OpenAI releases latest image generation model in the API
The latest image generation model, gpt-image-1, is now available in the API, enabling developers to integrate high-quality image generation into their tools and platforms. The model can create images in diverse styles, follow custom guidelines, and accurately render text.
Two undergrads and an AI speech model
Two undergrads from Korea, with just three months of AI tinkering, have unleashed Dia—a 1.6B parameter open-source speech model that mimics podcast-style dialogues, rivaling Google’s NotebookLM. Built using Google’s TPU Research Cloud, Dia allows users to customize tones, insert natural speech disfluencies, and even clone voices, all operable on consumer-grade GPUs with 10GB VRAM. Available on Hugging Face and GitHub, it offers impressive performance, though it lacks safeguards against misuse. Nari Labs plans to expand Dia’s capabilities and language support, aiming to add a social layer atop their synthetic voice platform.

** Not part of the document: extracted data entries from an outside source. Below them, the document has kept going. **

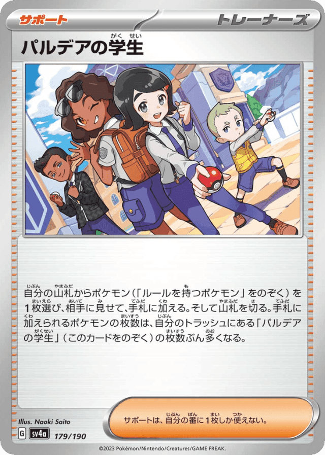 自分の山札からポケモン(「ルールを持つポケモン」をのぞく)を1枚選び、相手に見せて、手札に加える。そして山札を切る。手札に加えられるポケモンの枚数は、自分のトラッシュにある「パルデアの学生」(このカードをのぞく)の枚数ぶん多くなる。 サポートは、自分の番に1枚しか使えない。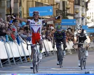 En cambio, fue Henao el que rompió el tenso ritmo del Movistar, pero se aferraron a su rueda Rodríguez y el ganador del Giro del pasado año, que se lanzaron a por la meta en el tobogán que les llevaba hacia la pancarta de meta. Pese al intento de Henao, 'Purito' demostró ser el más rápido y levantó, por vez, primera en este año los brazos victorioso.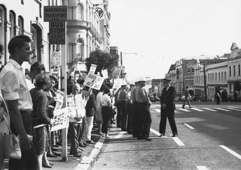 Miller writes, ‘Considering the various manifestations of civilian dissent in regard to particular government policies (whether New Zealand, South African or American) that I have photographed, I seem to have been performing the role of a sympathetic observer, insofar as I tend to support the causes that motivate such protests, rallies or meetings’.
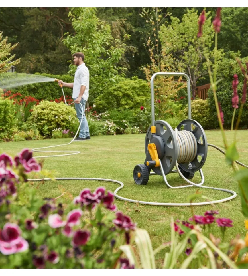 Il carrello avvolgitubo assemblato da 45 m, completo di un tubo da 20 m di lunghezza e 12,5 mm di diametro, insieme a tutti i raccordi necessari per iniziare subito ad innaffiare il tuo giardino. La sua struttura a pavimento, dotata di una maniglia di grandi dimensioni, consente una facile movimentazione in tutto il giardino senza alcuno sforzo eccessivo. Costruito per durare nel tempo, il carrello avvolgitubo è realizzato con materiali robusti e presenta una base più ampia per garantire maggiore durevolezza e stabilità durante l’uso. La manovella monopezzo e il robusto telaio consentono un riavvolgimento del tubo facile e veloce, senza intoppi o complicazioni.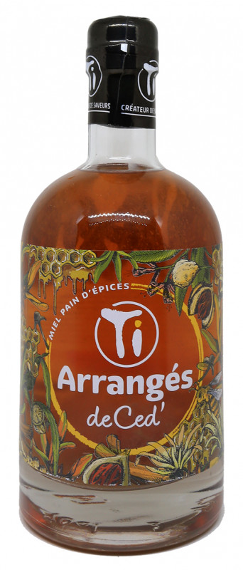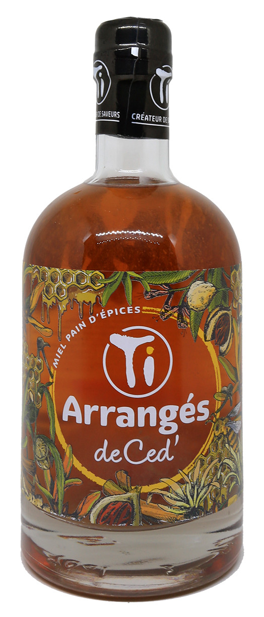 Este ron arreglado Ti Ced' es el resultado de una mezcla de rones agrícolas de las Antillas francesas con miel de castaño recogida de un apicultor en el País del Loira, y a la que se infunde una selección de especias emblemáticas de la receta del pan : anís estrellado, nuez moscada, canela, clavo, jengibre y sirope de azúcar de caña.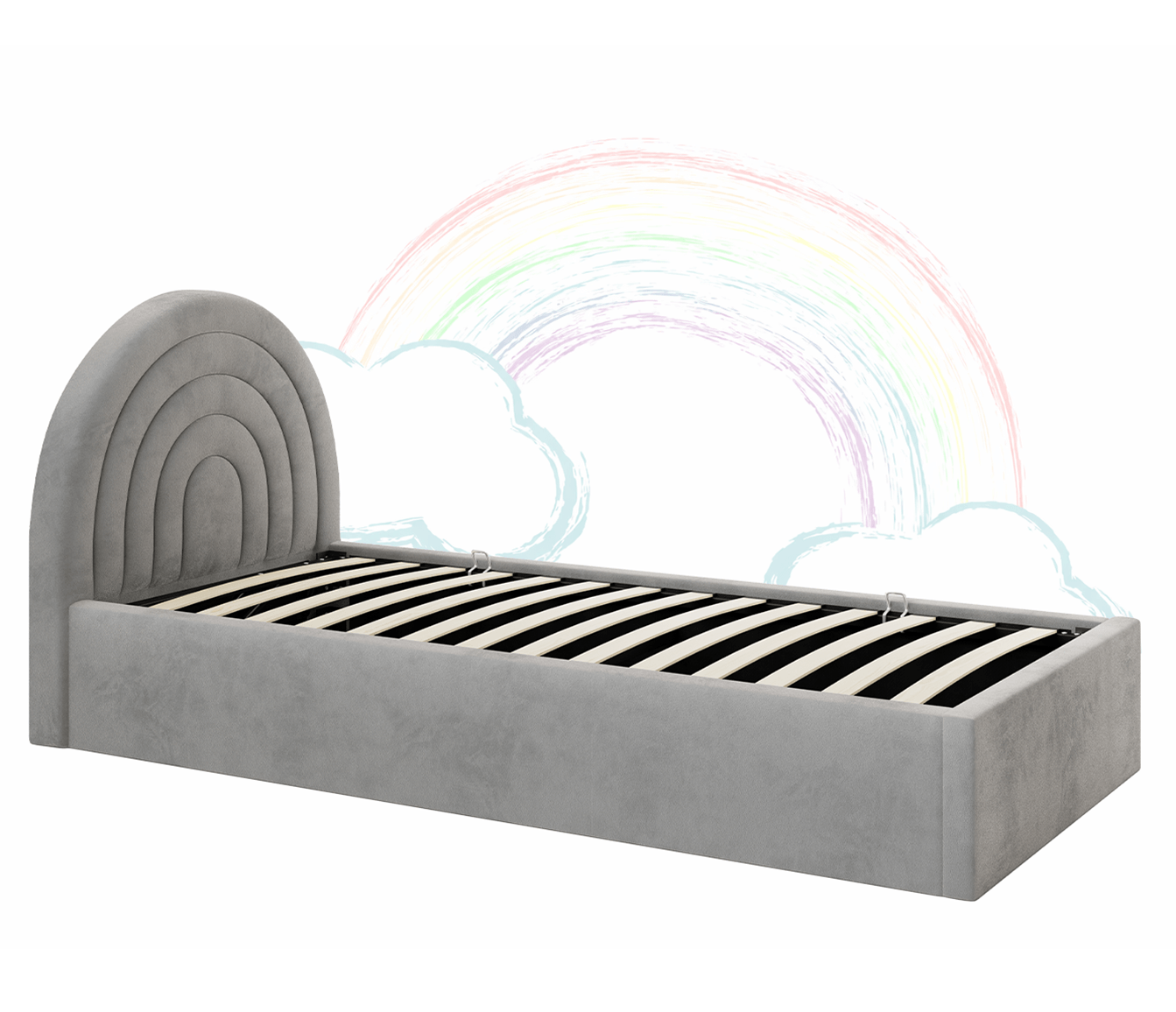 Čalúnená detská posteľ s úložným priestorom 90x200 s roštom, Šedá Bluvel 03 Kids Line 5 Dúha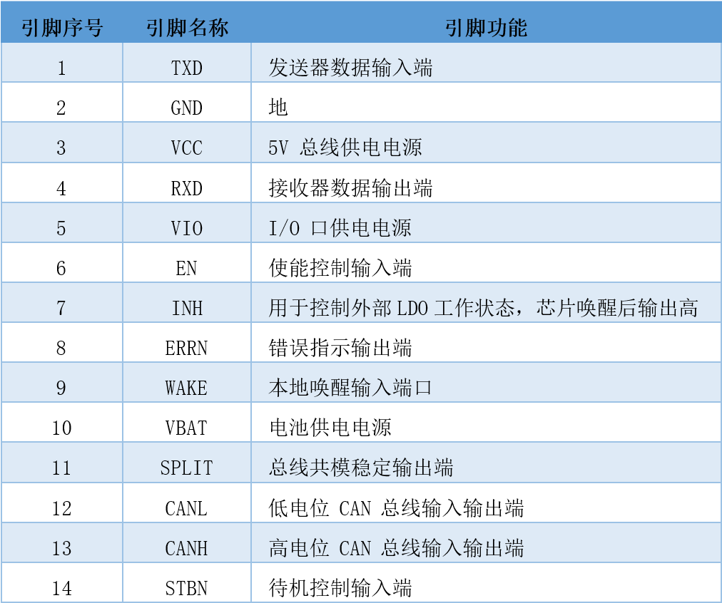 采用5V主供電VCC,VBAT輔助睡眠供電,支持IO口3.3V/5V 微處理器(MCU)直連,支持車(chē)載12V或 24V電源系統(tǒng)。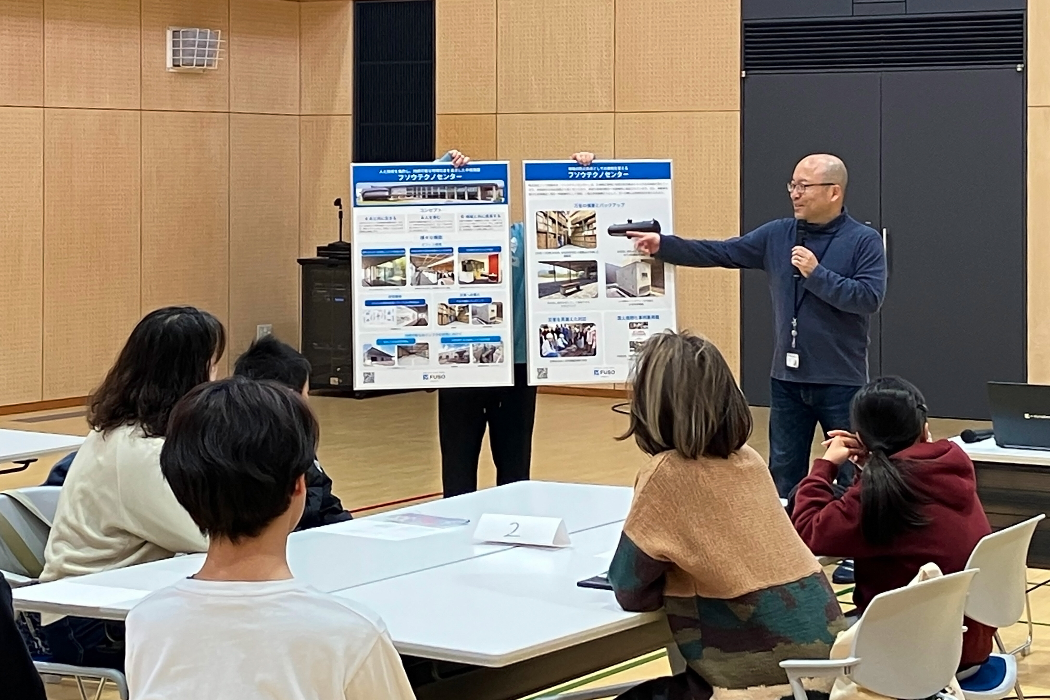フソウテクノセンターは、当社の四国本社としてソリューション創出拠点であると同時に、南海トラフ地震等の大規模災害時に、備蓄庫を備えた体育館の1階を「一次避難所」、2階を「津波避難ビル」として地域住民に開放する体制を整えています。また、防災拠点であることを地域に周知し、有事の際に気兼ねなく避難できるよう普段から食堂を一般開放しています。これらの取り組みは、内閣官房「国土強靭化 民間の取組事例集」(令和5年4月発行)において、防災拠点機能を備えた地域コミュニケーションの場として紹介されております。本イベントの趣旨に適った施設であることから、プログラムや施設の活用について学生団体との意見交換を経て開催が実現しました。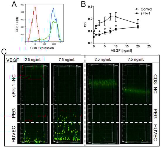 In vitro expression of CD8 and bio-activity of the sFlk-1 released by genetically modified human nasal chondrocytes. (A) Representative Fluorescence-activated cell sorting (FACS) plot shows that nasal chondrocytes (NC) had transduction efficiency above 80% (green-tinted plot) and populations of CD8-positive cells were purified after sorting (blue-tinted line). Not stained cells were acquired as control (in red). (B) Human umbilical vein endothelial cells (HUVEC) metabolic activity assay showing that sFlk-1-containing supernatants efficiently blocks Vascular Endothelial Growth Factor (VEGF). CD8-expressing NC supernatants were used as control (2 donors, n = 4). (C) HUVEC migration assay after 12 h showing that sFlk-1-expressing NC hampered HUVEC migration by blocking different gradients of VEGF, whereas CD8-only expressing NC allowed HUVEC migration. * p < 0.01.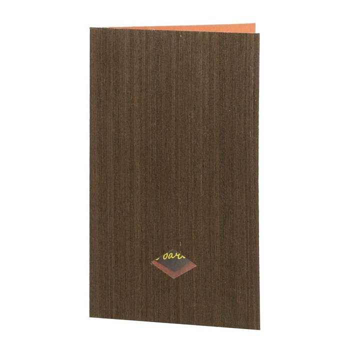 Как яркие краски фруктов прячутся под крышкой коробки, так и эта открытка до поры скрывает свою праздничную сущность — можно лишь подсмотреть в щелочку и попытаться угадать, что скрывается под обложкой из шпона.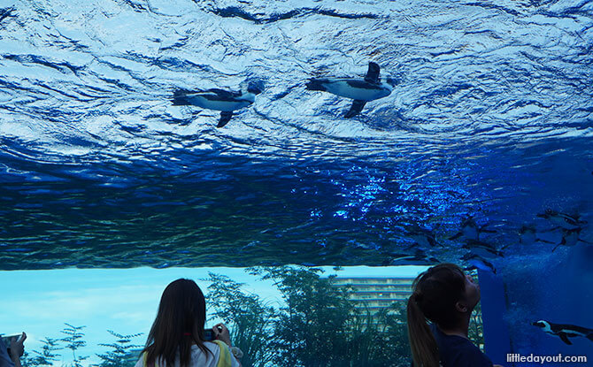 The penguins are kept in a glass enclosure that visitors can stand underneath and watch as the little birds “fly” through the water overhead.

MCP - the OS of the AI fueled machine
A good look at the state of MCP by Charlie Graham. The current clients like Claude, cursor & VS Code seem crude but the future is bright. MCP’s are like “chat apps” that these clients run. MCP clients could dominate the future as the search engines do today. The gen1 apps lack security and results vary depending on llm interpretation of your query. But we are at gen 1 of this tech and in the past few weeks the count of MCP servers on MCP.so has exceeded 10k. If you want to dip your toes into AI app building MCP is where the action is.
AI Horseless Carriages
An amazing essay on building software for the AI Era. A lot of today’s software is akin to the “Horseless carriage” which refers to the early motor car designs that borrowed heavily from the horse-drawn carriages that preceded them. Peter Koomen brilliantly shows the folly of today’s AI app builders and suggest some creative ways of getting beyond the AI slop with how AI is being used in email apps.
The llm as Customer
Interesting insight from @karpathy on X that sees the llm as your customer
Are we pivoting to a world where we depend on llm’s and products are built llm first ?
Podcast Recommendation : Lennys Podcast - Varun Mohan - CEO Windsurf
Building a magical AI code editor used by over 1m developers in 4 months: Inside Windsurf
🚀 Google Launches Gemma QAT Models for Consumer GPUs 🎮🧠
Google has released new quantization-aware trained (QAT) versions of its Gemma 2B and 7B models, enabling state-of-the-art performance while running efficiently on consumer-grade GPUs. These models are designed to maintain accuracy even after 4-bit quantization, thanks to techniques like QLoRA and SmoothQuant. Notably, they outperform competitors like Mistral and LLaMA 2 across multiple benchmarks, and offer open weights for local deployment via platforms like Hugging Face and NVIDIA TensorRT-LLM. This positions Gemma QAT as a major leap toward democratizing high-performance AI inference for individual developers and small teams.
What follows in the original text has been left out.